Jupyter notebook never finishes processing using multiprocessing (Python 3)
To execute a function without having to write it into a separated file manually:
We can dynamically write the task to process into a temporary file, import it and execute the function.
from multiprocessing import Pool
from functools import partial
import inspect
def parallel_task(func, iterable, *params):
with open(f'./tmp_func.py', 'w') as file:
file.write(inspect.getsource(func).replace(func.__name__, "task"))
from tmp_func import task
if __name__ == '__main__':
func = partial(task, params)
pool = Pool(processes=8)
res = pool.map(func, iterable)
pool.close()
return res
else:
raise "Not in Jupyter Notebook"
We can then simply call it in a notebook cell like this:
def long_running_task(params, id):
# Heavy job here
return params, id
data_list = range(8)
for res in parallel_task(long_running_task, data_list, "a", 1, "b"):
print(res)
Ouput:
('a', 1, 'b') 0
('a', 1, 'b') 1
('a', 1, 'b') 2
('a', 1, 'b') 3
('a', 1, 'b') 4
('a', 1, 'b') 5
('a', 1, 'b') 6
('a', 1, 'b') 7
Note: If you're using Anaconda and if you want to see the progress of the heavy task, you can use print()
inside long_running_task()
. The content of the print will be displayed in the Anaconda Prompt console.

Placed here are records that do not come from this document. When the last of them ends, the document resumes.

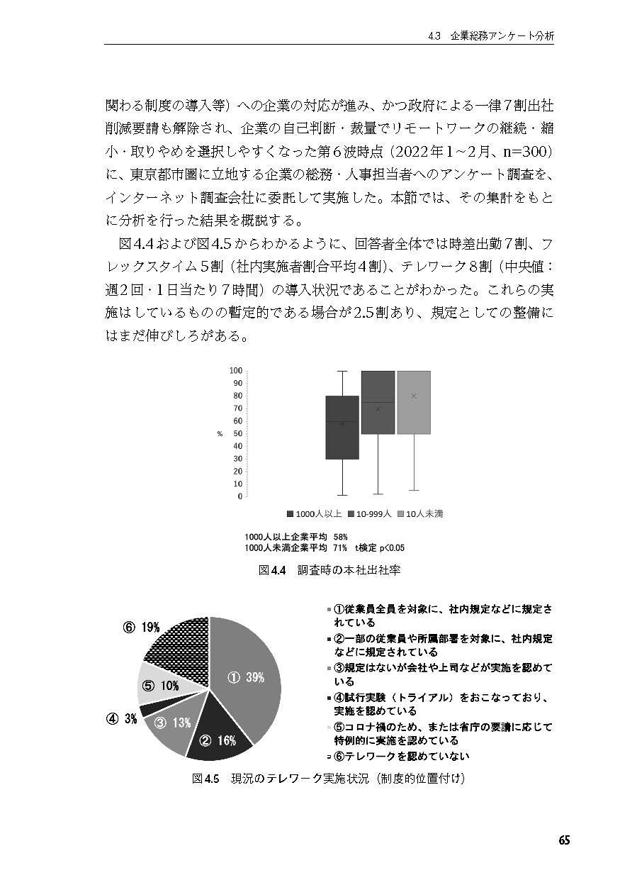 ・コロナ禍を経ての、企業や人々の働き方に対する変化を多様な表やグラフで説明しています。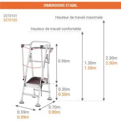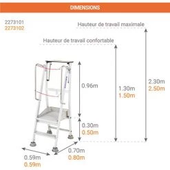 TUBESCA COMABI Escabeau De Rayonnage De 1 Marches. Hauteur Atteignable De 2.30m. – 2273201/ALU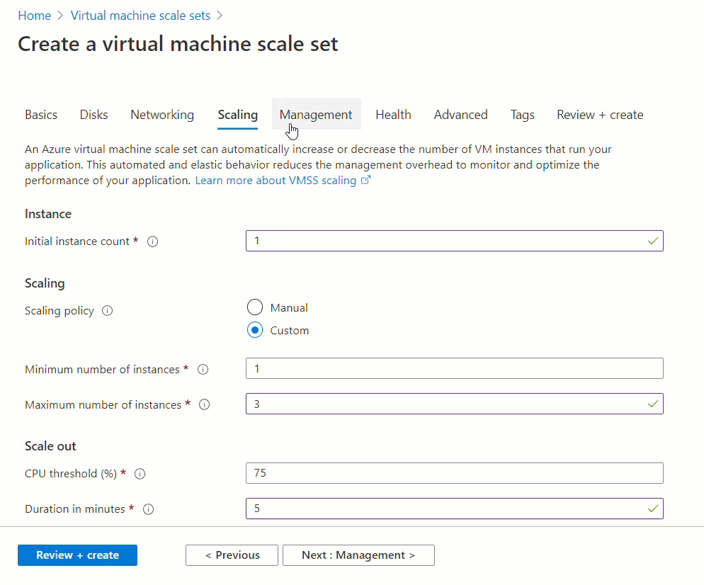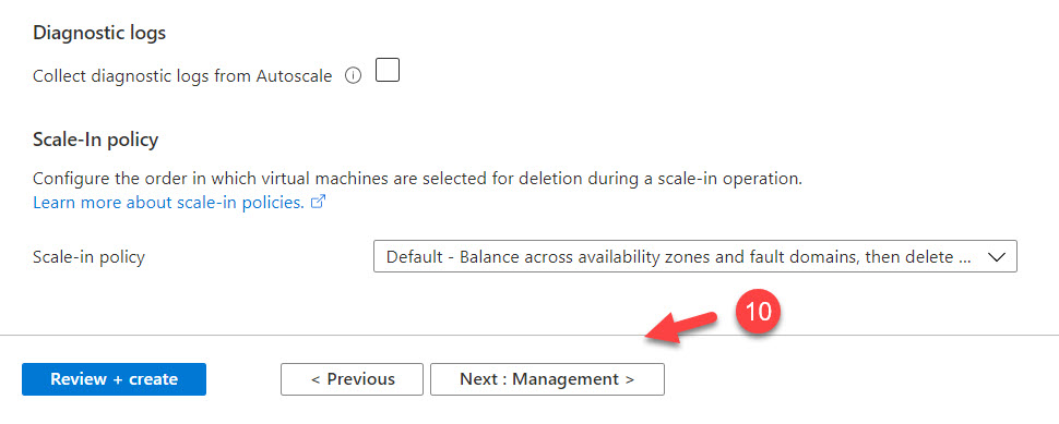 Para as opções Diagnostics logs e Scale-in policy, deixe as configurações padrão. Em seguida, clique em Next: Management.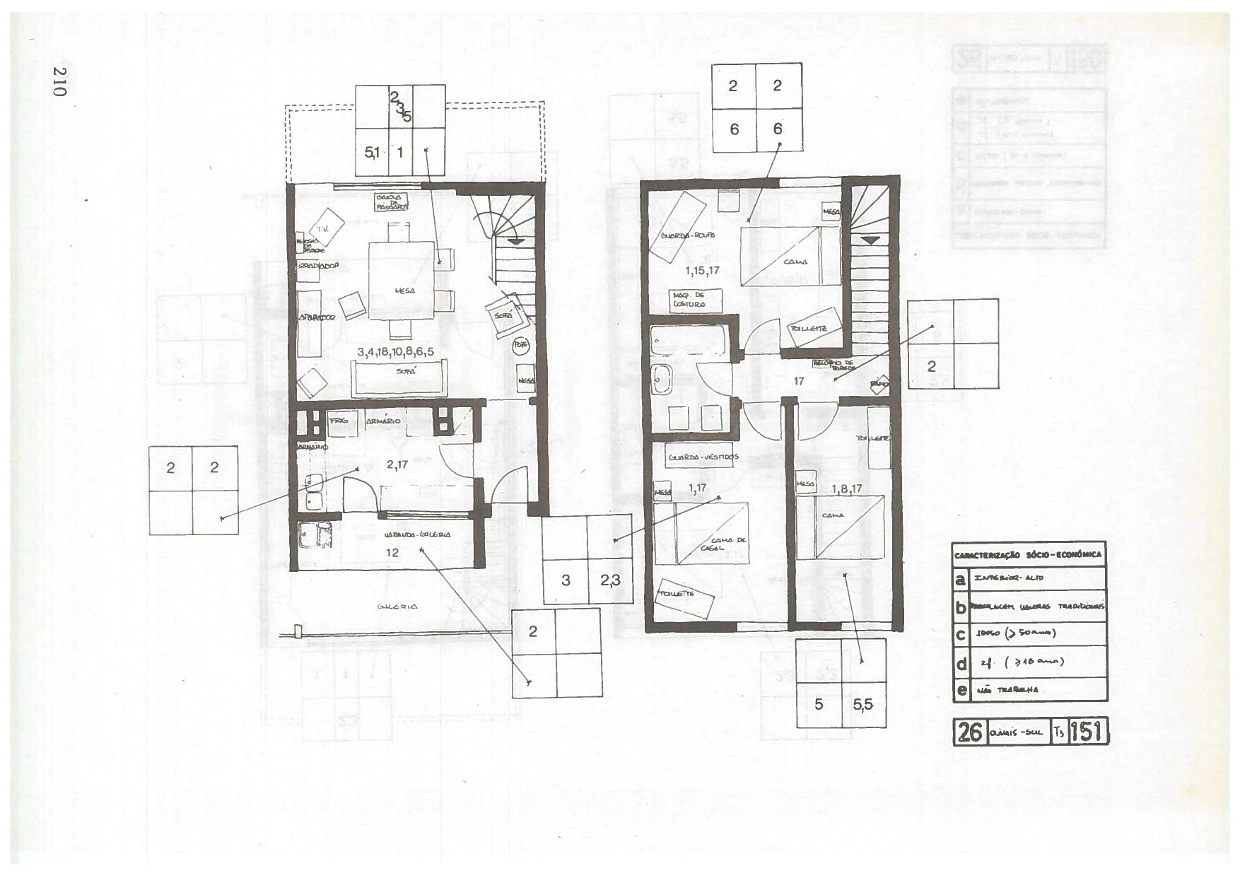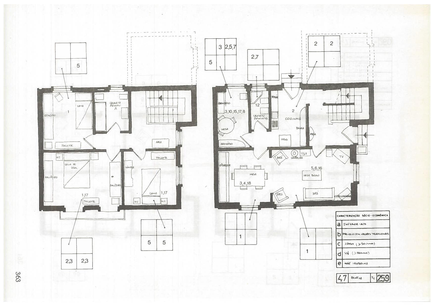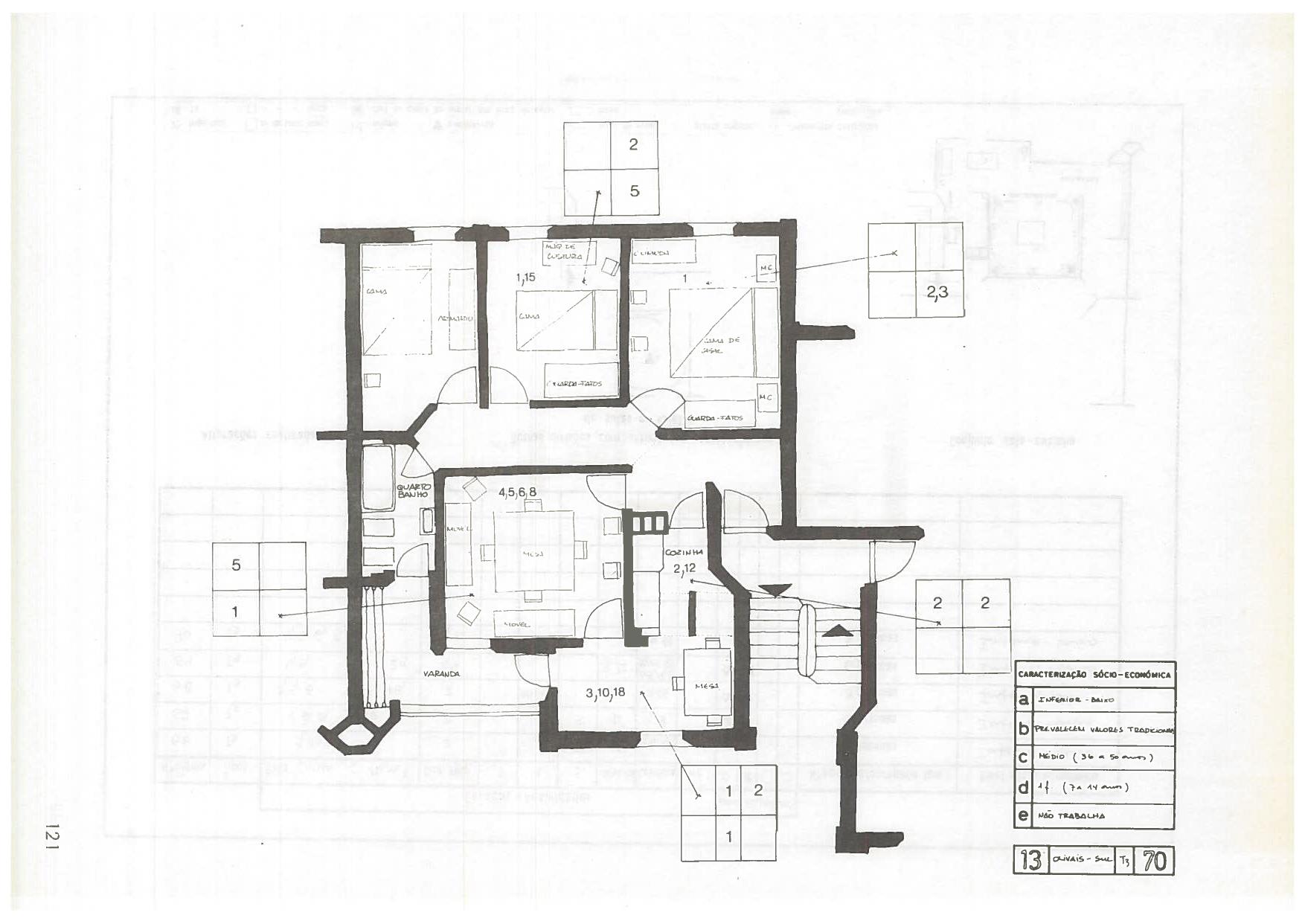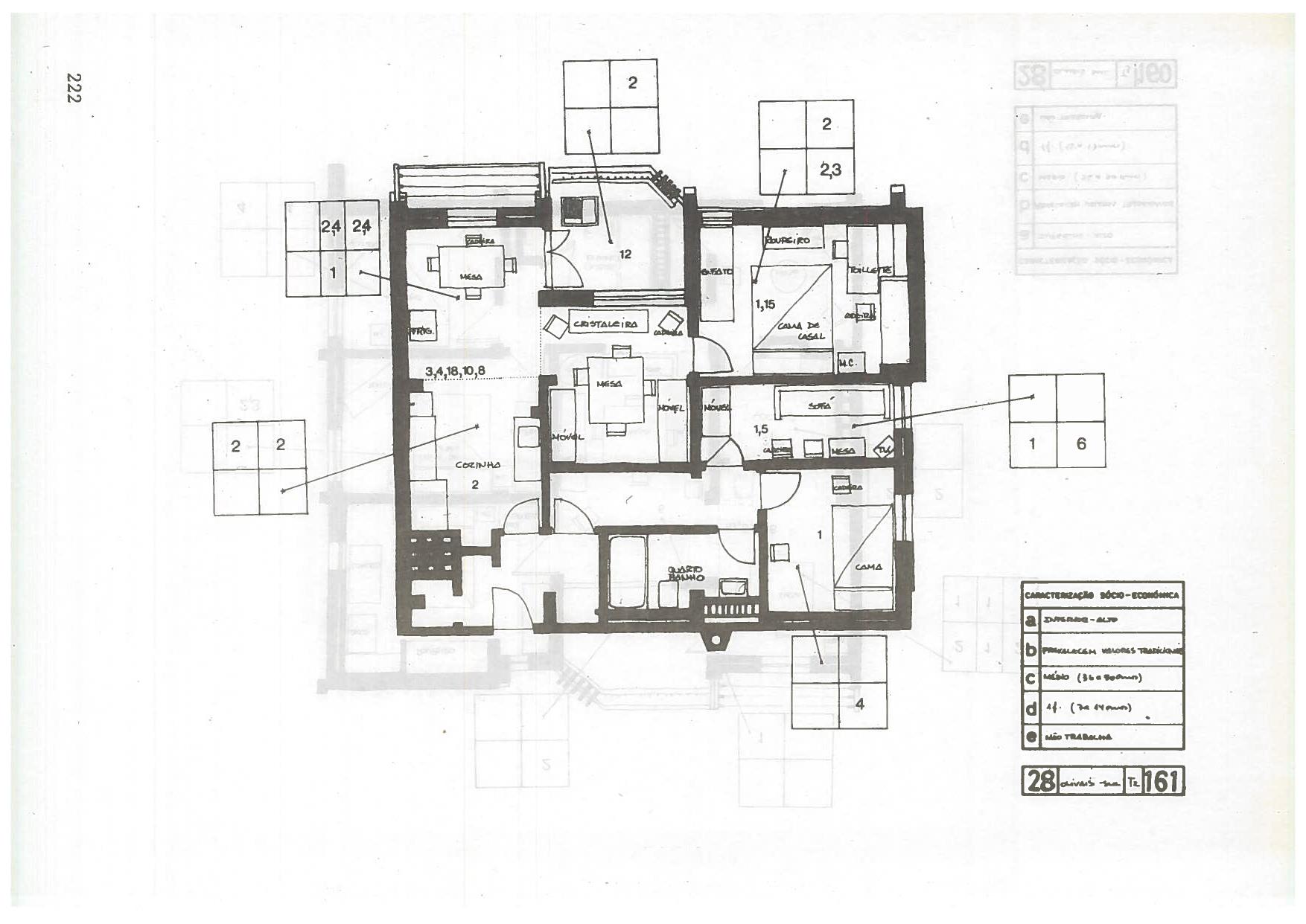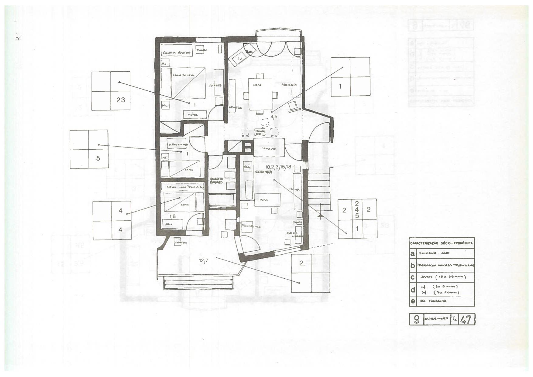 A series of interpretative and quantitative questionnaires were conducted on 300 families. For each family, a plan was published in the survey, providing information on where domestic activities take place, and where and when household members are usually located in the house. The interior space was divided into rooms labelled according to a general function, such as kitchen, living room and bedrooms. For each family, the arrangement and disposition of furniture were registered. In each labelled room, it was represented which domestic activities took place, and which family members were usually present at the different times of day (defined as morning, lunch time, afternoon, evening and night).

It seems that the problem in Jupyter notebook as in different ide is the design feature. Therefore, we have to write the function (prime_factor) into a different file and import the module. Furthermore, we have to take care of the adjustments. For example, in my case, I have coded the function into a file known as defs.py
def prime_factor(value):
factors = []
for divisor in range(2, value-1):
quotient, remainder = divmod(value, divisor)
if not remainder:
factors.extend(prime_factor(divisor))
factors.extend(prime_factor(quotient))
break
else:
factors = [value]
return factors
Then in the jupyter notebook I wrote the following lines
import multiprocessing
import random
from multiprocessing import Pool
import defs
if __name__ == '__main__':
pool = Pool()
to_factor = [ random.randint(100000, 50000000) for i in range(20)]
results = pool.map(defs.prime_factor, to_factor)
for value, factors in zip(to_factor, results):
print("The factors of {} are {}".format(value, factors))
This solved my problem